I attached the emerge --info of this machine too. This is an Intel 930 Cpu

And the interesting part:

It works when monuted in systemresccd 2.5.1 in virtual machine! (I tested it on and Intel and an AMD computer)



Maybe this has something to do with gcc or something...
I stop blogging atm.
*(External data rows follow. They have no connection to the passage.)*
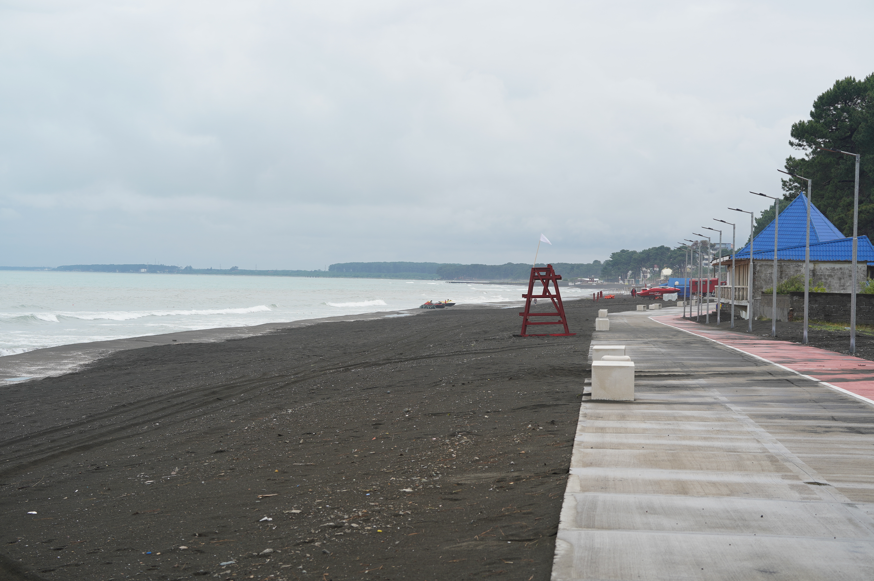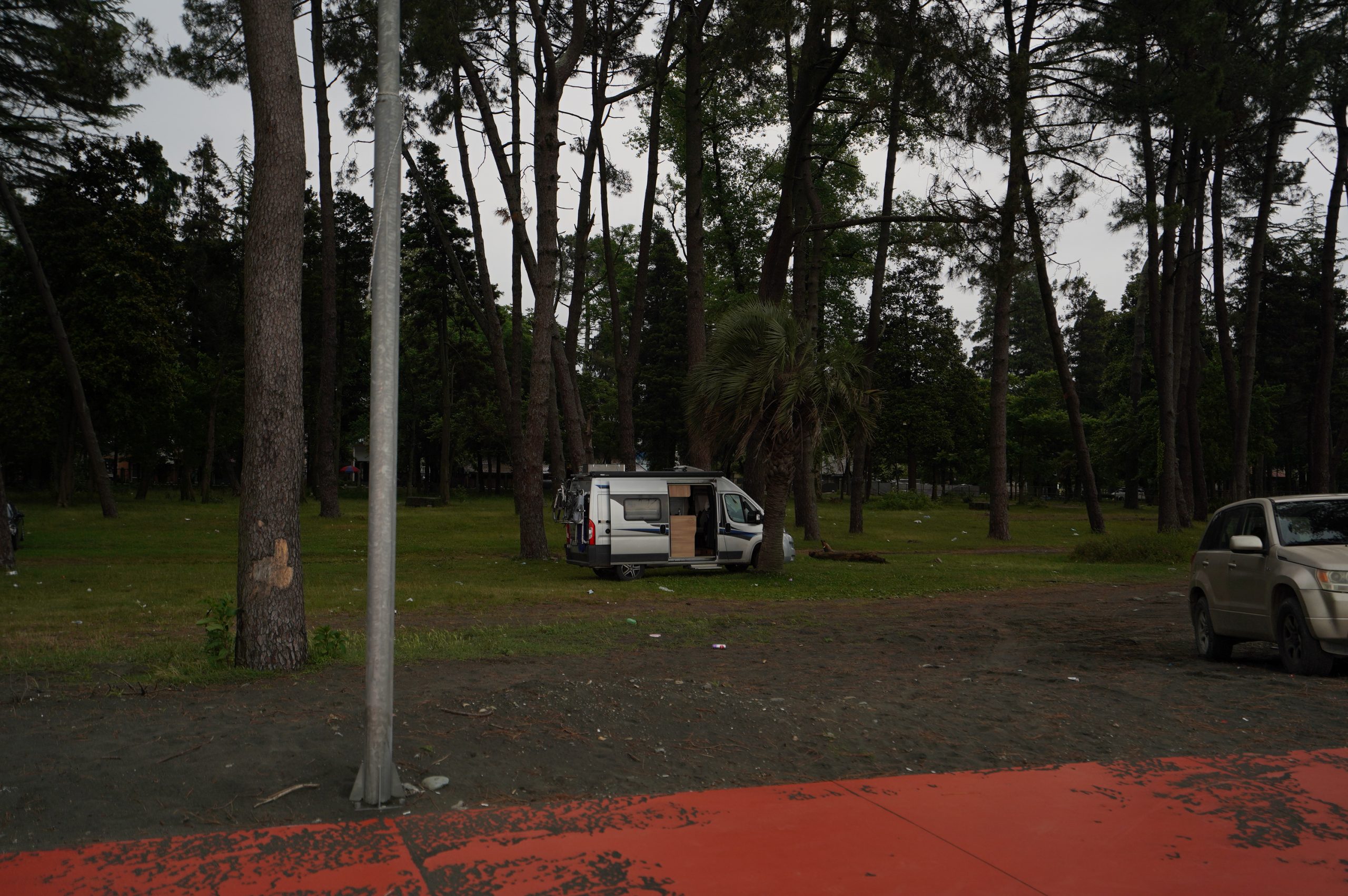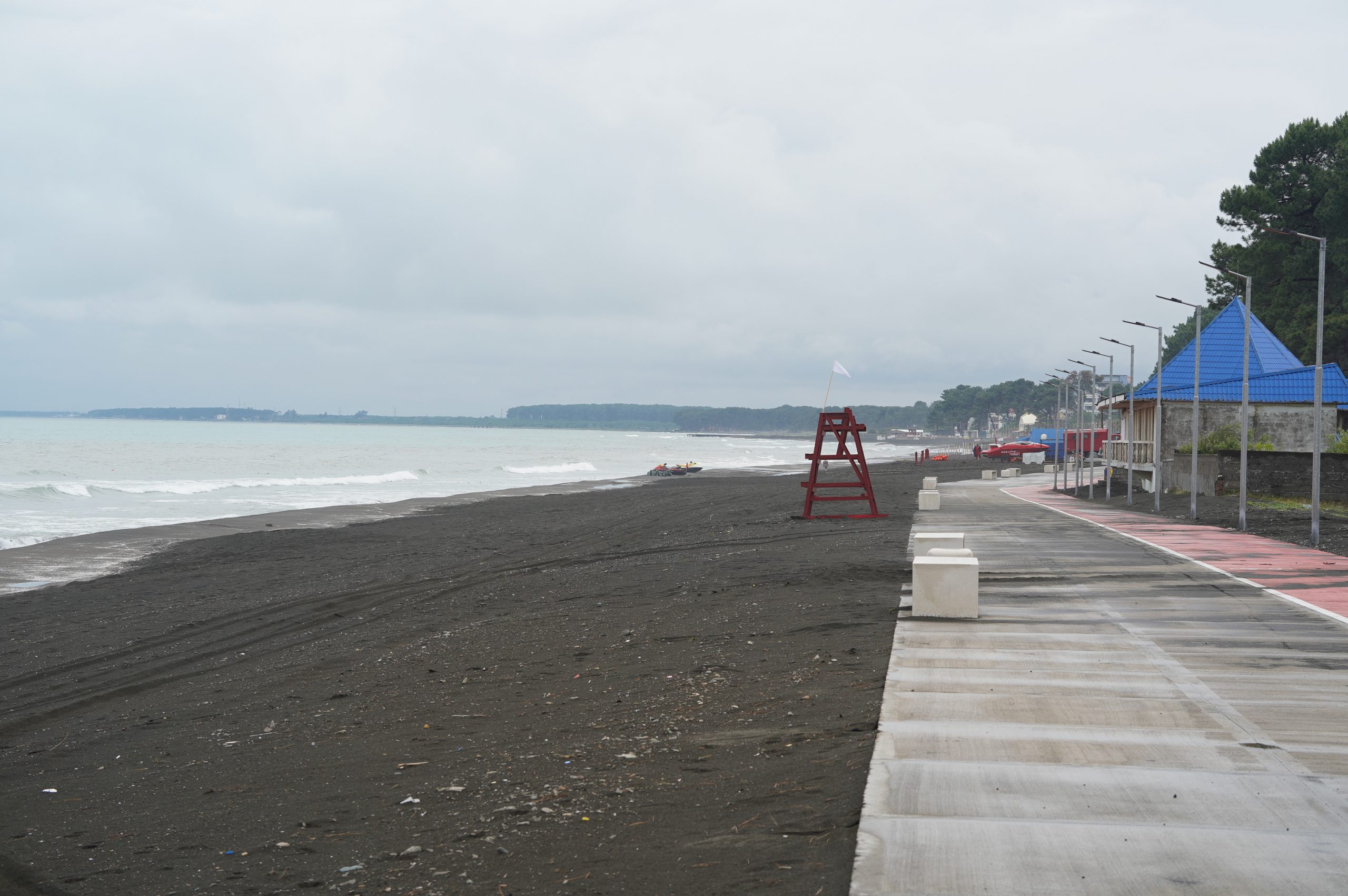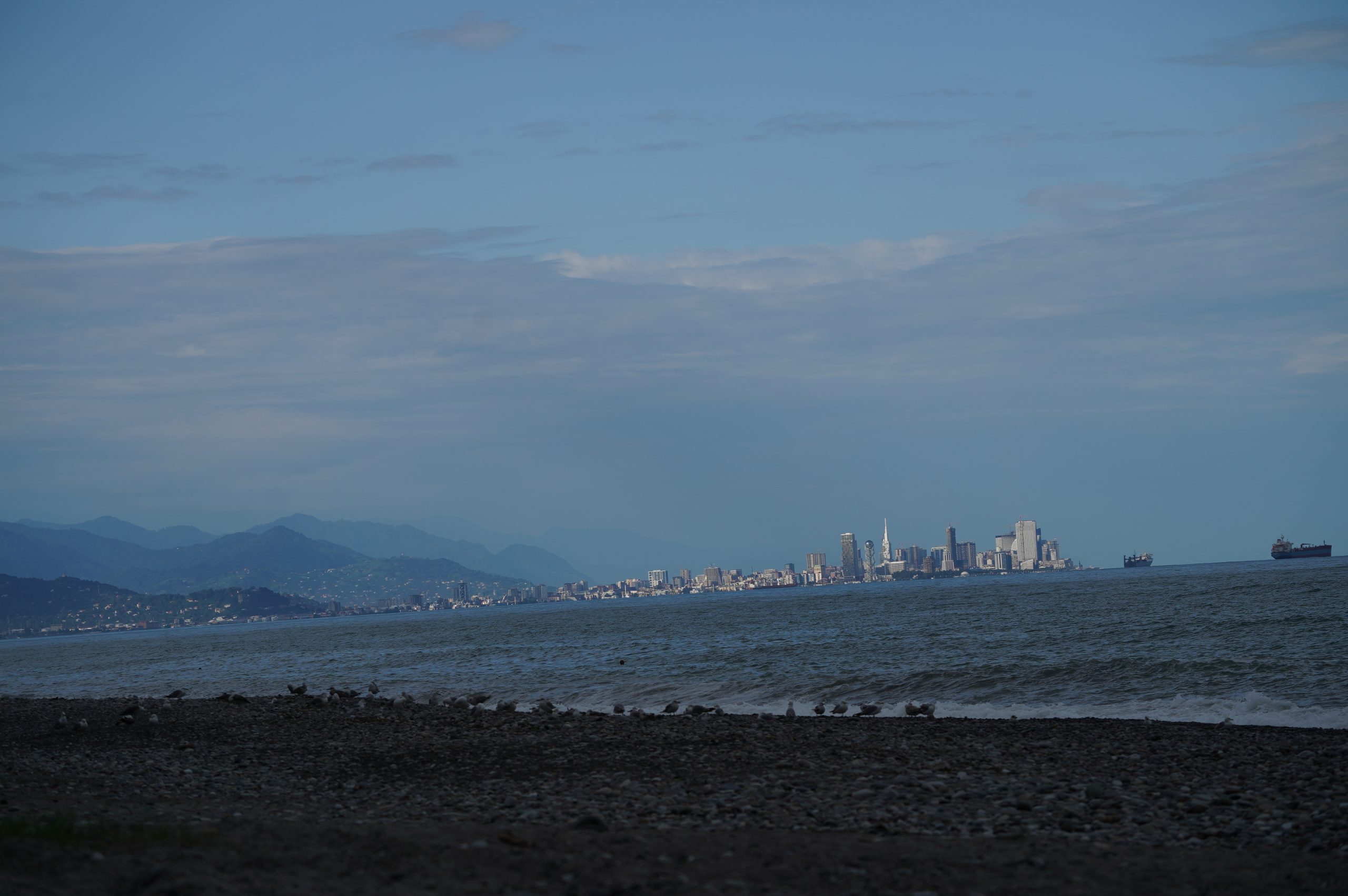 Über die Hafenstadt Poti bin ich dann am Abend am schwarzen Meer angekommen, an der Ureki Beach. Dort gibt es einige Hotels, aber vieles ist wie überall ziemlich verkommen. An einen frei zugänglichen Park direkt am Meer habe ich mir einen Übernachtungsplatz gesucht. Feiner schwarzer Sand und recht sauber.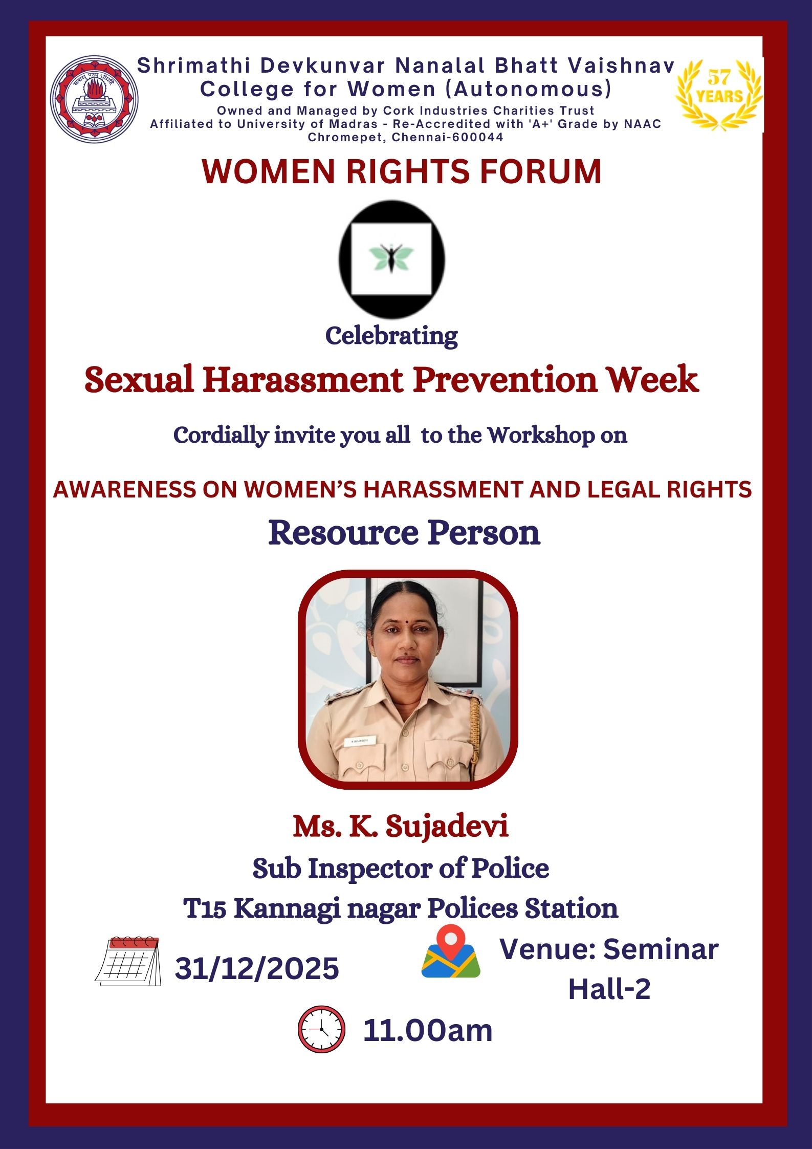 AWARENESS ON WOMEN’S HARASSMENT AND LEGAL RIGHTS + Add to Google Calendar + iCal export Hourly Schedule New Day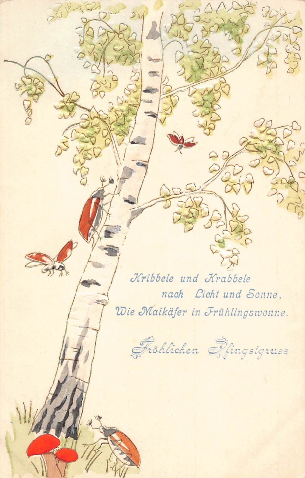Pentecost Greetings Maybug Insects Mushroom Birch tree embossed postcard C318 This item is listed via xdm.it software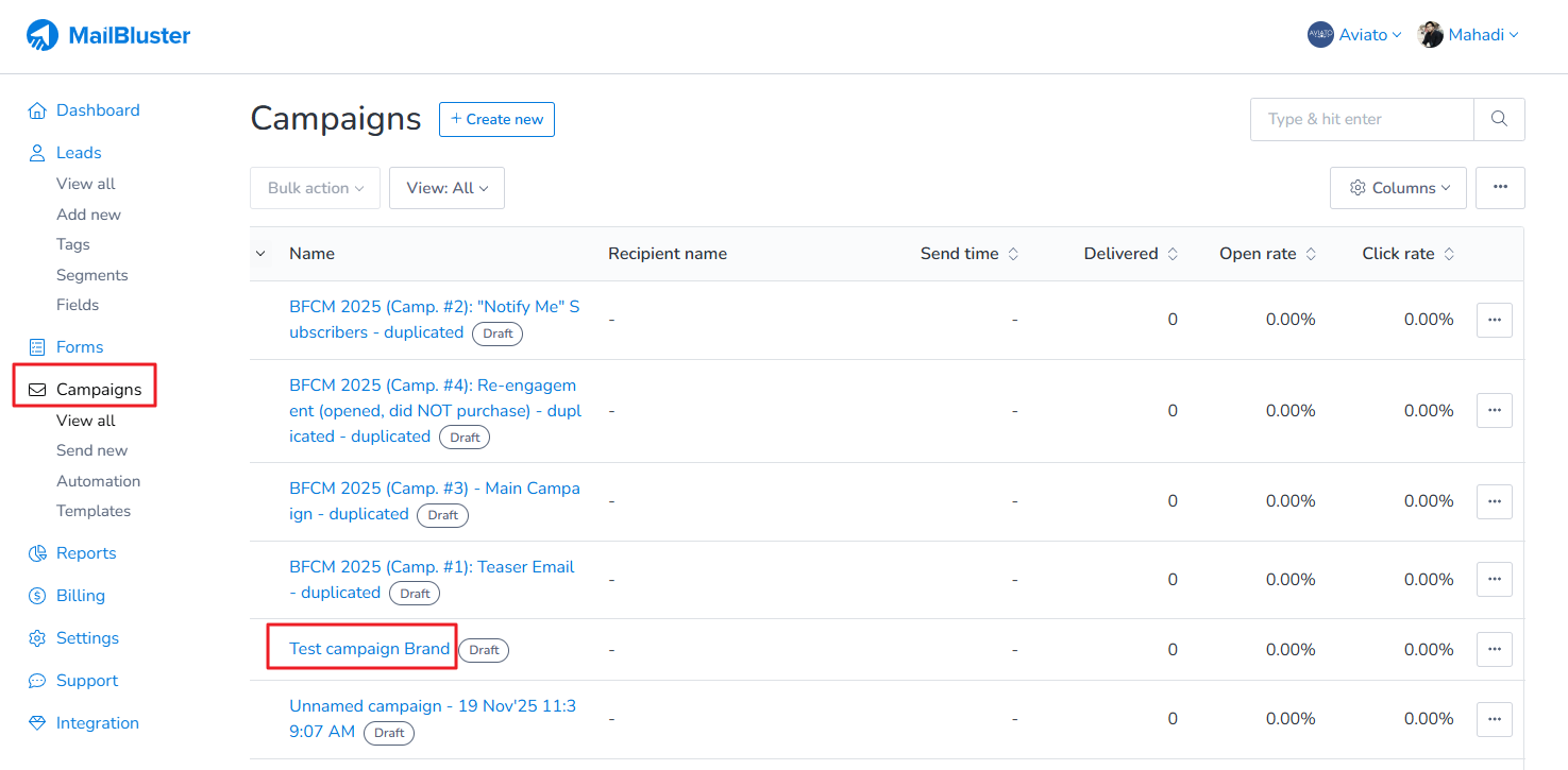 You can easily create and send an email campaign in MailBluster by following a few simple steps. First, go to your Brand > Campaigns and the click on Create new.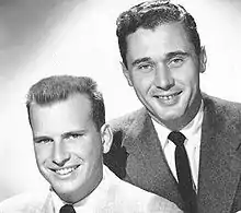 Aylesworth and Peppiatt relocated to the United States in 1958 and got work writing for The Andy Williams Show.[1] They had worked together on The Jimmy Dean Show and wondered why a show hosted by a country music star didn't feature the country music more prominently.[2] Aylesworth's 2010 book The Corn Was Green: The Inside Story of Hee Haw published by McFarland & Company told how he and Peppiatt came up with the idea for Hee Haw after seeing "country banter" between Charley Weaver and Jonathan Winters on The Jonathan Winters Show, and seeing that the shows atop the Nielsen ratings included The Andy Griffith Show, The Beverly Hillbillies, Gomer Pyle, U.S.M.C., Green Acres and Petticoat Junction, along with Rowan & Martin's Laugh-In and the duo conceived immediately of the format of country variety resulting in one of the longest-running series in television history, Hee Haw.[1][3] Originally a summer replacement for The Smothers Brothers Comedy Hour, Hee Haw was an immediate ratings winner throughout that first summer and was permanently added to the CBS schedule in December 1969.[2] Co-hosted by Roy Clark and Buck Owens, the hour-long program featured regulars Archie Campbell, Grandpa Jones, Minnie Pearl, Junior Samples, Lulu Roman and Canadians Gordie Tapp and Don Harron.[2][3] Comedian and frequent Peppiatt & Aylesworth collaborator Jack Burns was also a writer and major contributor in the early years of the show. There was also a spinoff sitcom "Hee Haw Honeys". One of the stars of the series was a young Christian music singer, Kathie Lee Johnson (Gifford) before she married Frank Gifford.

If anyone has any question I can reproduce this anytime.
Comment 5 László Szalma 2012-04-21 18:27:03 UTC
Created attachment 309735 [details]
emerge --info 2 (intel930)
Comment 6 László Szalma 2012-05-21 11:06:04 UTC
I deleted the test backup of the "bad" partition, and in the 3.4 kernel there are several fixes, so i think this bug is obsolete now.